Again, according to traditional Christianity, anyone can do this at any time right up to his deathbed. Even Hitler could have qualified. The catch is that you have to be sincere. It is not enough to be sorry that you were caught. You have to realize that you were wrong and change yourself so that you would not do wrong in the future. Intentions are not enough, either. It has to be a real change. In Vader's case, this meant turning away from the Dark Side of the Force.

These things do happen in real life. Look at George Bush. He was a party boy well past adulthood then one day he changed.

Did this happen to Vader? Doing the right thing for the wrong reason is not enough. Vader had plenty of reason to turn on the Emperor. We now know that he originally planned on supplanting Palpatine. These plans were put on hold from the death of Padme until Vader learned that he had a son. There can only be two Sith lords at a time. Either the Emperor, Vader, or Luke was going to go. Obviously the Emperor was willing to abandon Vader in favor of a new apprentice. He was also willing to kill Luke and let things continue as they had.

Vader could have let the Emperor kill Luke, found Luke's sister, and started over again. Instead he killed Palpatine at the cost of his own life.

And he must have done it for the right reason. He must have suddenly regretted his long years of servitude, his cruelty, and his casual killing of others. We know because he appeared as Anakin. Presumably a primal thing like the Force would not be fooled.

What about mercy? The author of the article I linked to felt that Obi Wan should have killed Anakin instead of leaving him mutilated, that Luke should have killed the Emperor, and that Frodo should have killed Gollum. Each of these is a different situation and deserves to be addressed separately.

First - was Obi Wan showing mercy on Anakin? I don't think so. He left behind a burnt, ruined husk. Even Anakin's lungs were burnt. Without care he would have died shortly. Killing him would have been a mercy. What Obi Wan didn't know was that Anakin would be rescued before he died.

Second - after beating Vader, Luke threw away his light saber instead of killing the Emperor. This was Luke's symbolic turning away from the Dark Side. The Emperor had been goading Luke into killing one or the other. Luke was rejecting the temptation. He hadn't actually disarmed himself. He was perfectly capable of fetching his light saber from a distance. The Emperor seemed like a frail old man who was no threat - right up to when he started throwing lightening bolts at Luke.

Finally, Gollum. Even more than Star Wars, the Lord of the Rings was a battle between good and evil. In Tolkien's backstory, Sauron was the first servant and heir to Middle Earth's version of Satan. Sauron could not create, he could only corrupt.

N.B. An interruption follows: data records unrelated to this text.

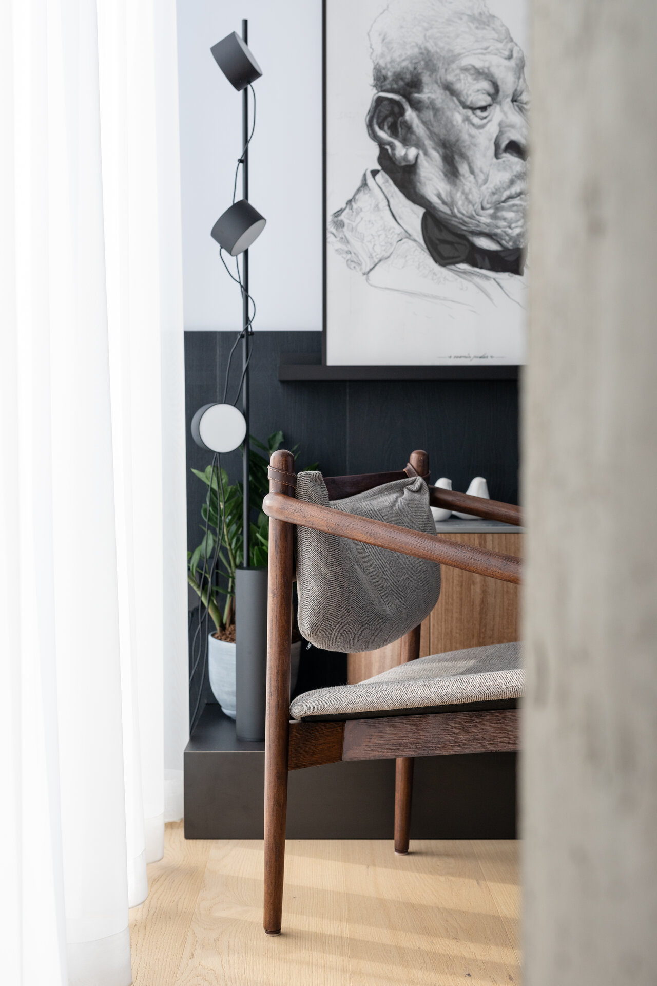 Situat la un etaj retras, acest apartament din Cluj-Napoca propune o abordare echilibrată între funcționalitate și expresie personală, într-o compoziție care îmbină minimalismul cu influențe mid-century modern. Departe de a se încadra într-un stil pur, amenajarea dezvoltă un limbaj propriu, în care simplitatea formelor și proporțiile atent controlate devin fundalul ideal pentru intervenții discrete, dar esențiale.
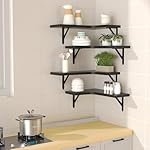 Corner Floating Shelves Wall Mounted Set of 4, Rustic Wood Storage Display Wall Shelves for Home Decor, Bathroom, Kitchen, Bedroom, Living Room, Office (Black)
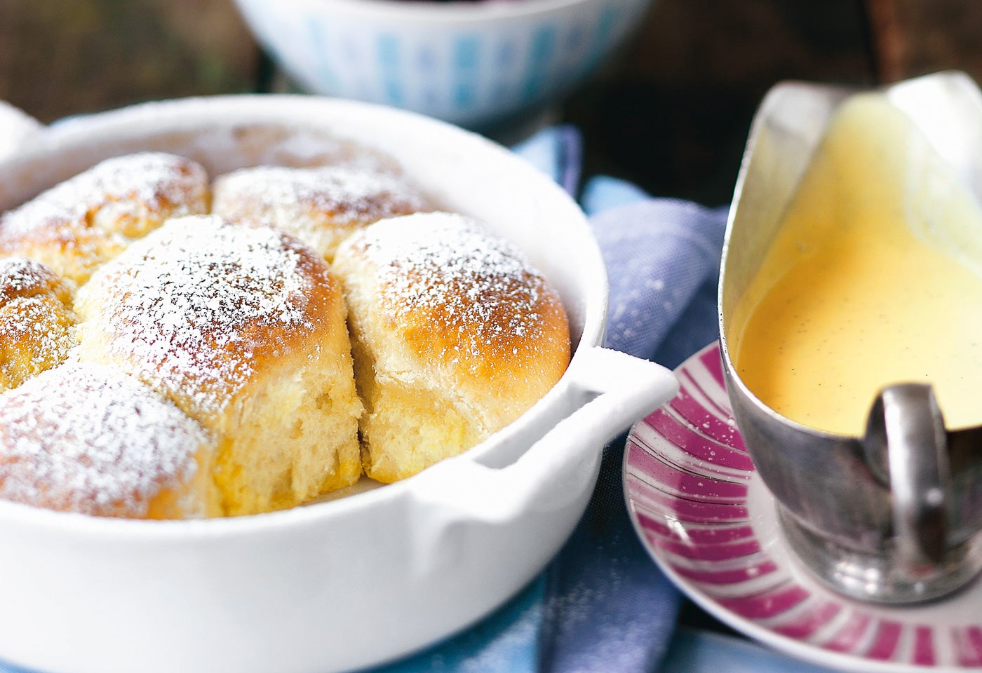 Buchteln mit Zwetschkenröster und Vanillesauce
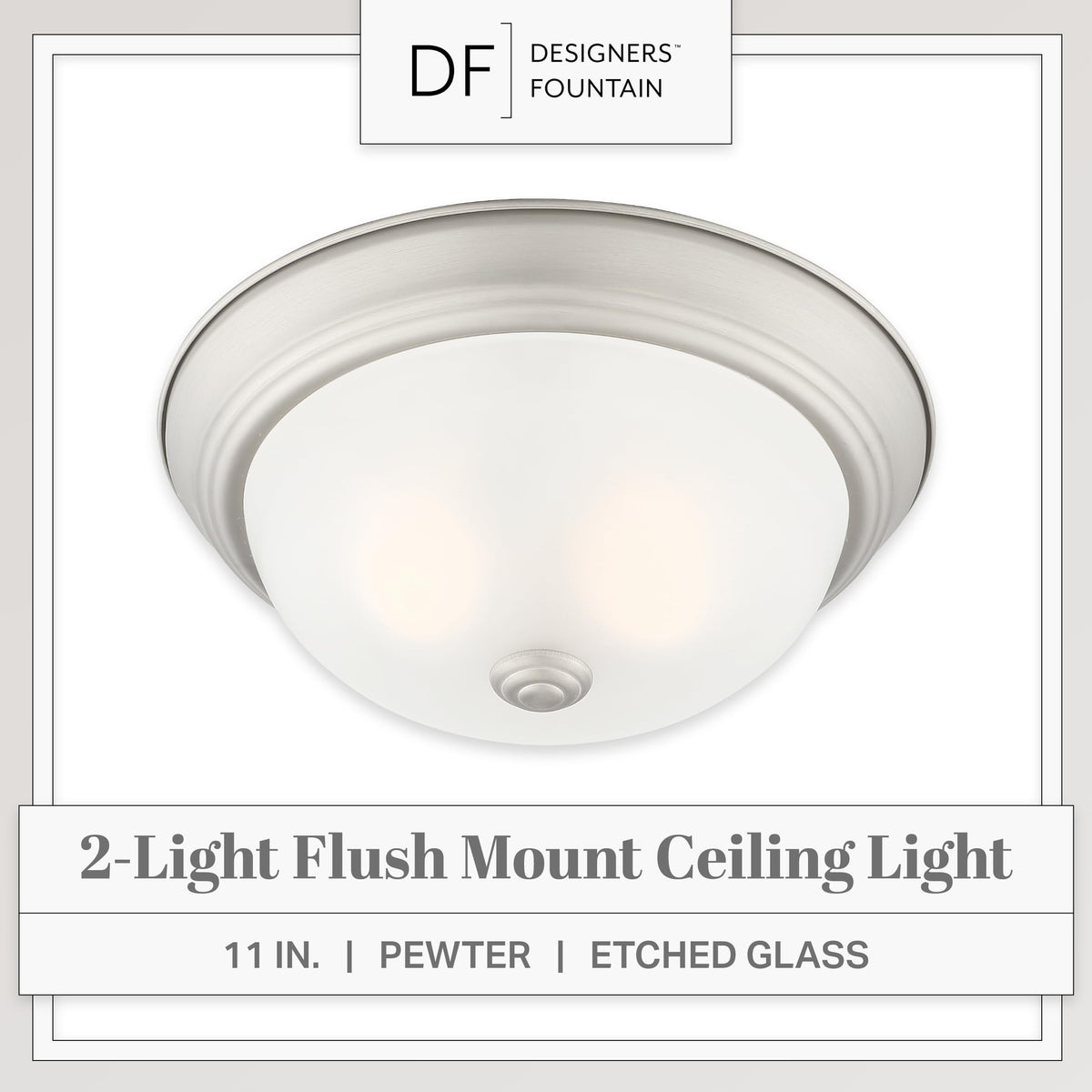 Designers Fountain 2-Light Flush Mount Ceiling Light, 11 Inch Lighting Fixture For Kitchen, Bedroom, Bathroom, And Hallway, Pewter With Etched Glass, 1257S-Pw-W
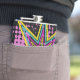 Un agua polvorienta y un fondo negro y rosa moteado son el escenario ideal para una estrella de fucsia, aqua y amarillo. El monograma puede ser personalizado para satisfacer sus necesidades.
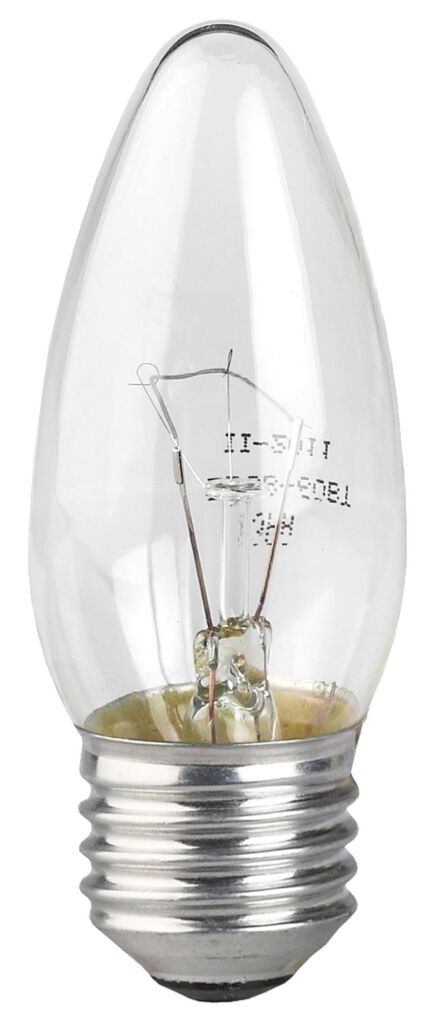Лампа накаливания вольфрамовая для бытового и аналогичного общего освещения. Лампа с колбой в виде свечи используется для декоративного оформления светильника, придания ему законченного и совершенного вида. Она красиво смотрится, создавая эффект настоящей зажженной свечи, что привносит в интерьер комнаты более уютный, успокаивающий и "теплый" вид. Прозрачная колба лампы создана специально для эффектов абсолютно чистого, искрящегося света.
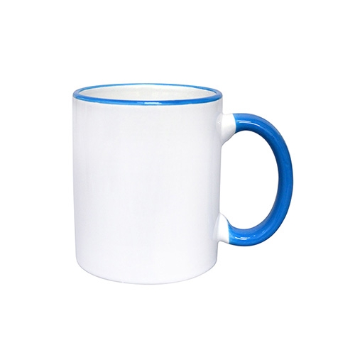 White ceramic mug with matching blue handle and rim. Mug Size: 9.7cm height by 8.2cm in diameter. Mug Capacity: 330ml. Comes packaged in a card box.
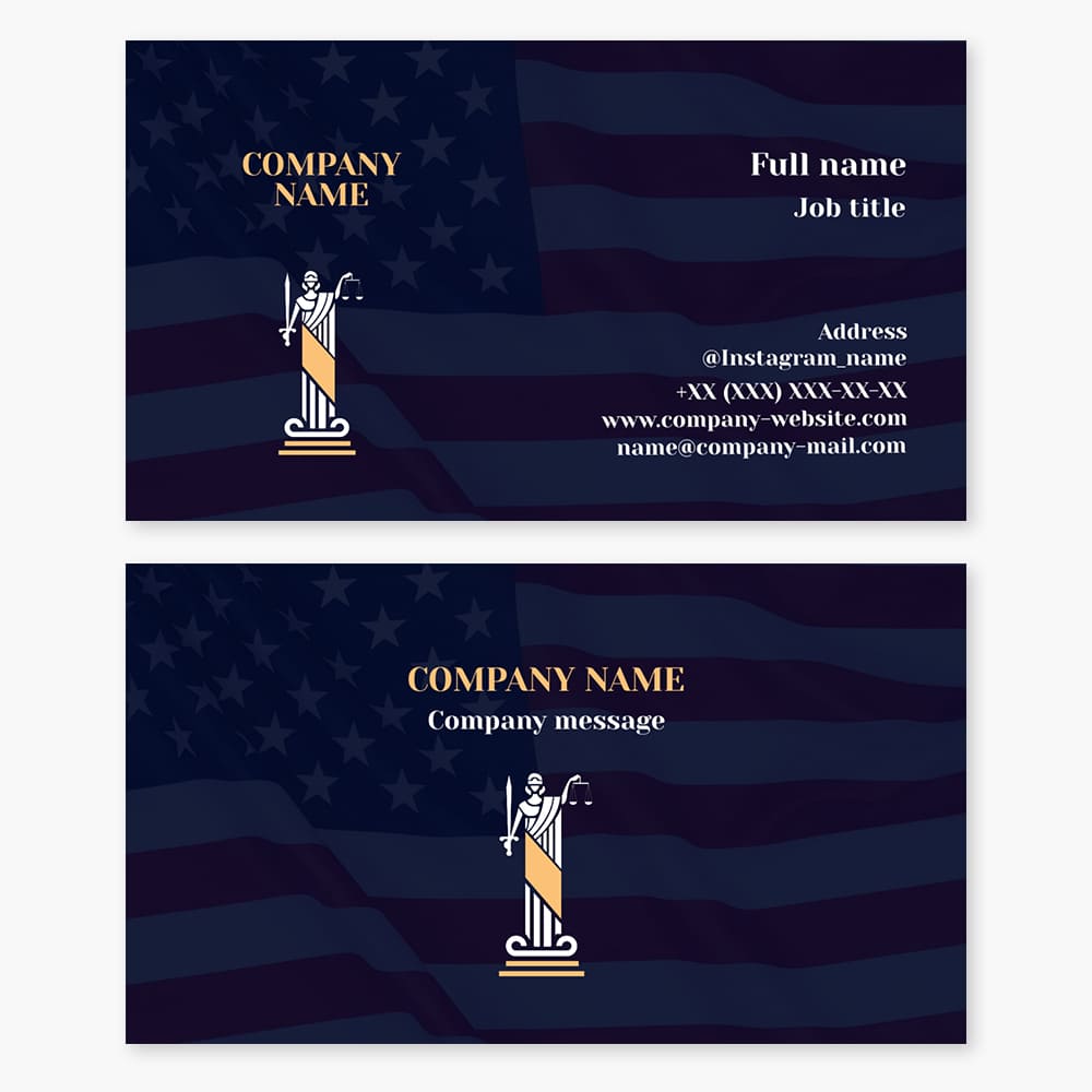 Law firm business card template. Attorney, legal counsel. US flag. Justice.
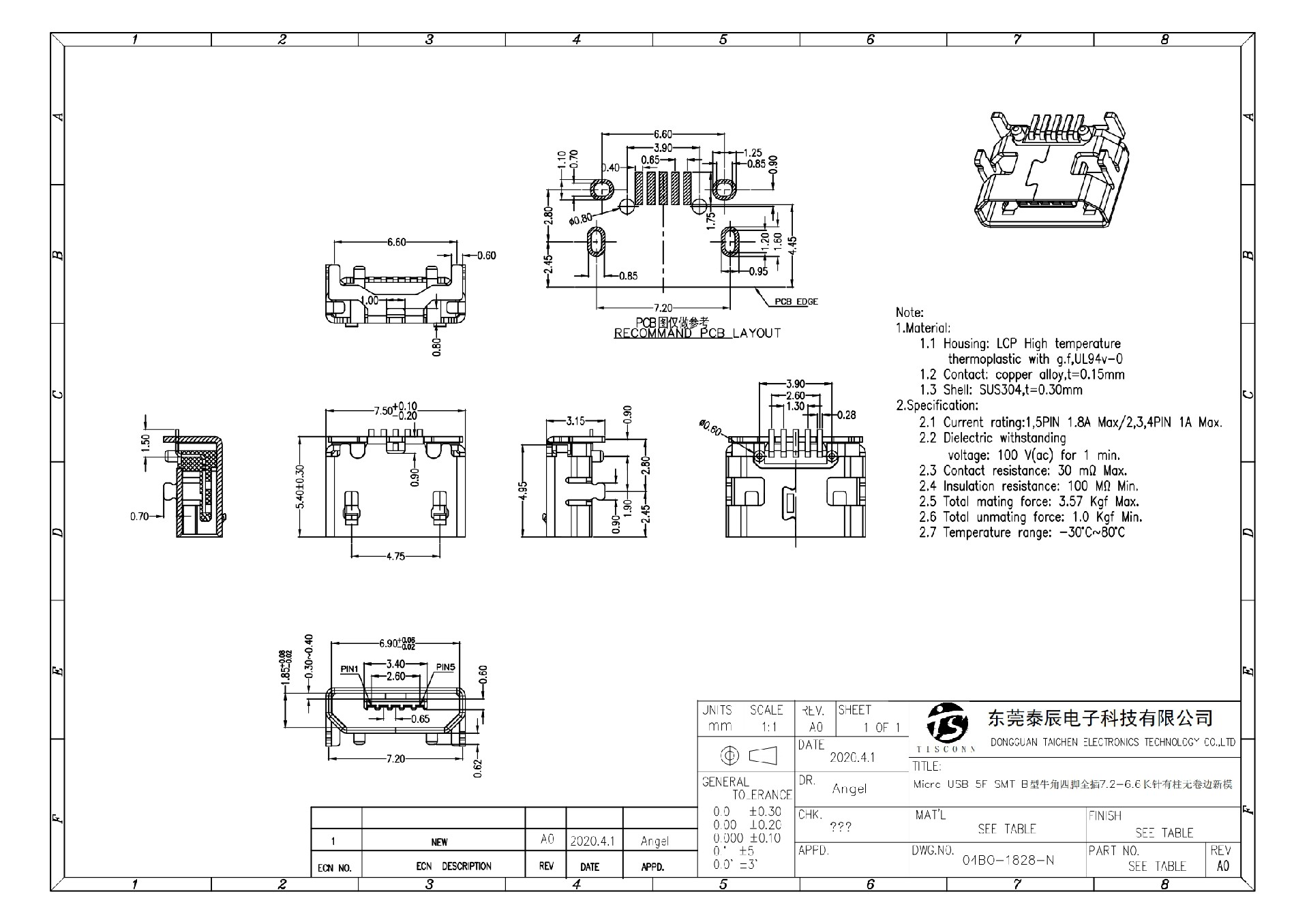 04BO-1828-N Micro USB 5F SMT B型牛角四腳全插7.2-6.6長針有柱無卷邊新模
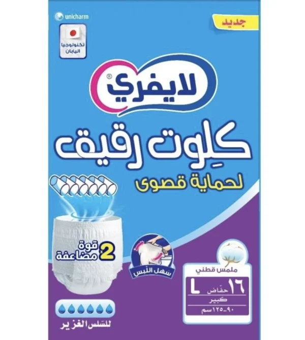 تعتبر لايفري حفائظ لكبار السن كلوت كبير بمقاسها الكبير (L) الخيار المثالي لمن يبحث عن الجمع بين الحماية الفائقة والراحة اليومية، حيث تأتي العبوة بـ 16 قطعة مصممة بعناية لتوفر للمستخدمين من الرجال والنساء شعوراً بالثقة التامة بفضل الخصر المطاطي المرن الذي يسهل ارتداؤه كالملابس الداخلية تماماً.

But Gollum was different. He started as a hobbit or something close. Had his brother not found the one ring, Gollum would have lived and died an ordinary fisherman. Yes, he was evil, but it was because the ring had warped him for hundreds of years.

When Frodo looked at Gollum he saw what he might become himself.

Also, Gollum was an ambiguous creature. Frodo and Sam needed him and, for a while at least, he actually did reform. That gets back to my point about redemption. Gollum intended to reform but went back to his old ways. He didn't change inwardly, just outwardly. Without supernatural powers we cannot tell which way someone has reformed. We can guess by past behavior. Gollum could not be trusted again. That is the basis of out penal system and putting someone on probation.

All of this skirts around the big question - what should the hero do when he has the villain at his mercy? Should he show mercy or should he kill the bad guy on the spot?

More later.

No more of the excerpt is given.